Entries taken from a collection:
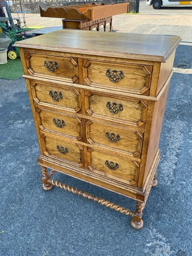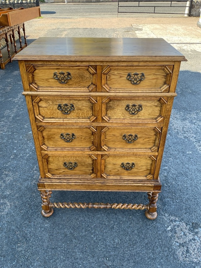 A William & Mary style oak chest of drawers, the rectangular moulded top above four drawers with brass handles & escutcheons, raised on barleytwist legs with bun feet, joined by stretchers. (30in x 17.75in x 42in)
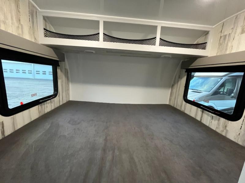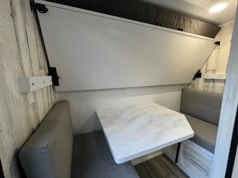If you're looking for a lightweight trailer with a little more comfort, take a look at this one! There is a 60" x 79" bed to sleep on each night, along with a booth dinette that converts to a 78" x 30" bed and an upper 78" x 27" bunk, allowing you to sleep five to six! The kitchen includes a two burner stove, countertop and 12V refrigerator to keep food fresh. This unit also features four front side windows, black roller shades, a 24" 12V HDTV, and many more comforts!
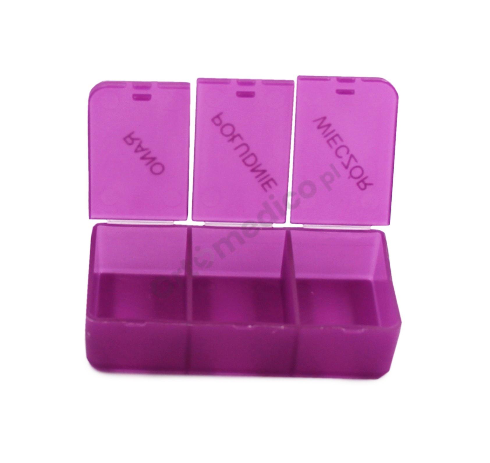 ▪️ Praktyczność: kasetka podzielona jest na 3 przegródki, oznaczonych porami dnia, co pozwala na dokładne zaplanowanie przyjmowania leków na cały dzień.
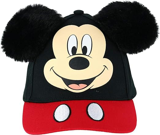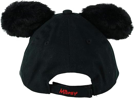 Officially licensed Disney Mickey Mouse Adjustable Baseball Cap with Plush Ears. This black and red “Disney” Adjustable Baseball Cap is made from polyester and features a fun “Mickey Mouse” character design on the front with matching fuzzy plush ears and an adjustable strap back.
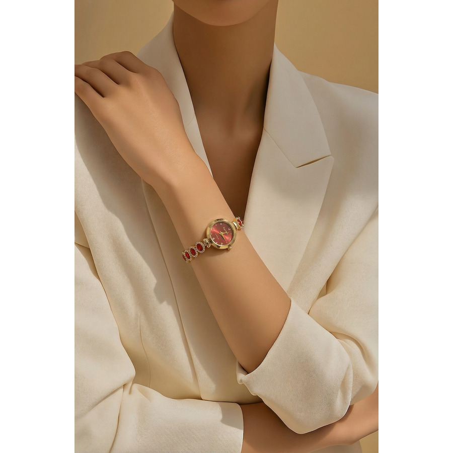 Stylowy zegarek damski w złotym kolorze to połączenie elegancji i biżuteryjnego designu. Subtelna, okrągła tarcza w czerwonym kolorze została ozdobiona delikatnymi cyrkoniami, które pełnią funkcję indeksów godzinowych, nadając całości szyku i kobiecego blasku.
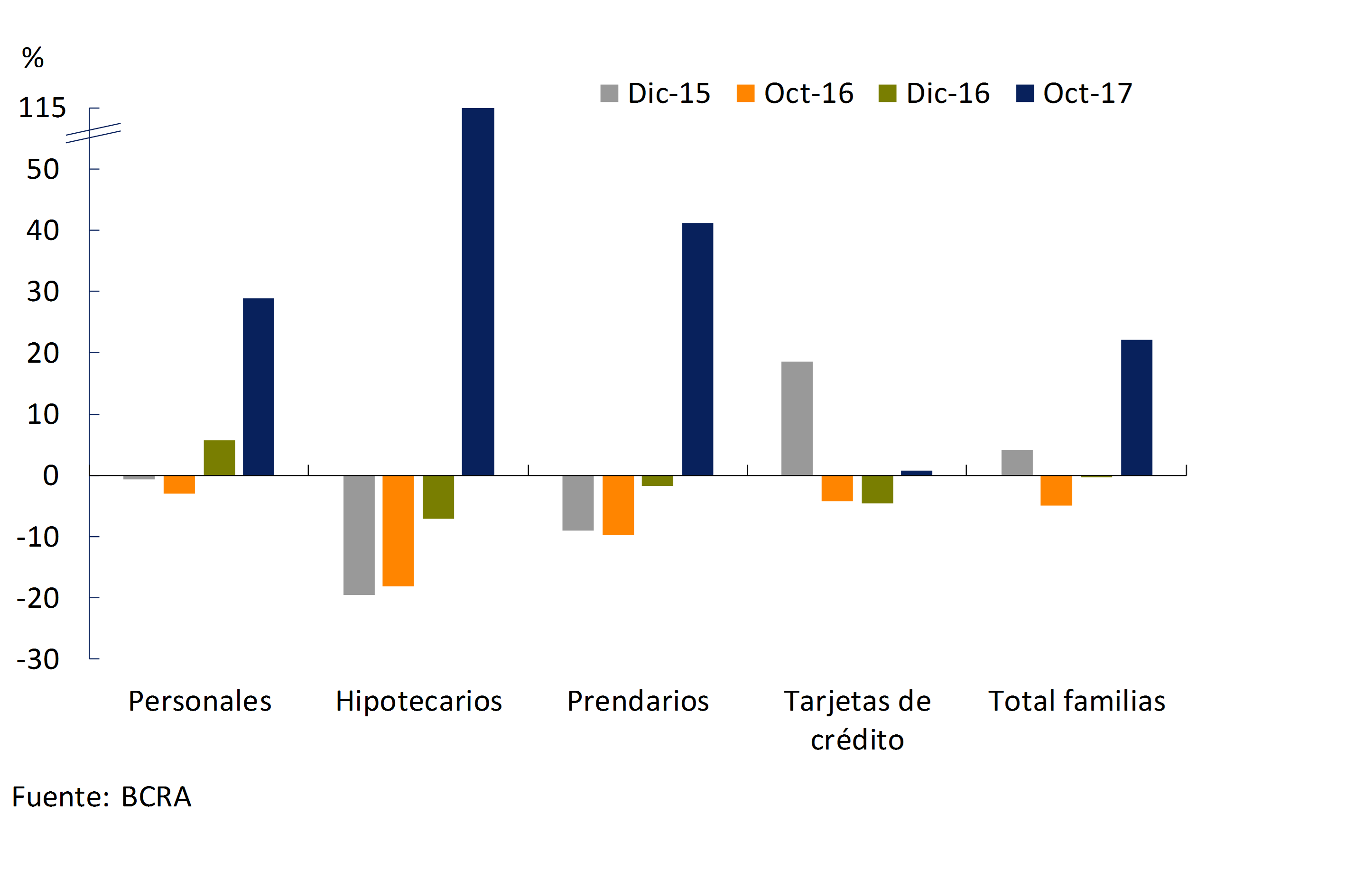 11 Información extraída de la Central de Deudores (comprende tanto moneda nacional como extranjera). No se incluyen los créditos a residentes en el exterior. Las financiaciones a empresas se definen aquí como aquellas otorgadas a per-sonas jurídicas y el financiamiento comercial otorgado a individuos. Por su parte, se considera préstamos a familias a aquellos otorgados a individuos, excepto que tengan destino comercial.

Goal of the exercise
Write out exactly the lines from the line holding "Officially licensed Disney" through the last line of the records above, inclusive, and nothing more. Leave out the pictures.

Answer space
 Officially licensed Disney Mickey Mouse Adjustable Baseball Cap with Plush Ears. This black and red “Disney” Adjustable Baseball Cap is made from polyester and features a fun “Mickey Mouse” character design on the front with matching fuzzy plush ears and an adjustable strap back.
 Stylowy zegarek damski w złotym kolorze to połączenie elegancji i biżuteryjnego designu. Subtelna, okrągła tarcza w czerwonym kolorze została ozdobiona delikatnymi cyrkoniami, które pełnią funkcję indeksów godzinowych, nadając całości szyku i kobiecego blasku.
 11 Información extraída de la Central de Deudores (comprende tanto moneda nacional como extranjera). No se incluyen los créditos a residentes en el exterior. Las financiaciones a empresas se definen aquí como aquellas otorgadas a per-sonas jurídicas y el financiamiento comercial otorgado a individuos. Por su parte, se considera préstamos a familias a aquellos otorgados a individuos, excepto que tengan destino comercial.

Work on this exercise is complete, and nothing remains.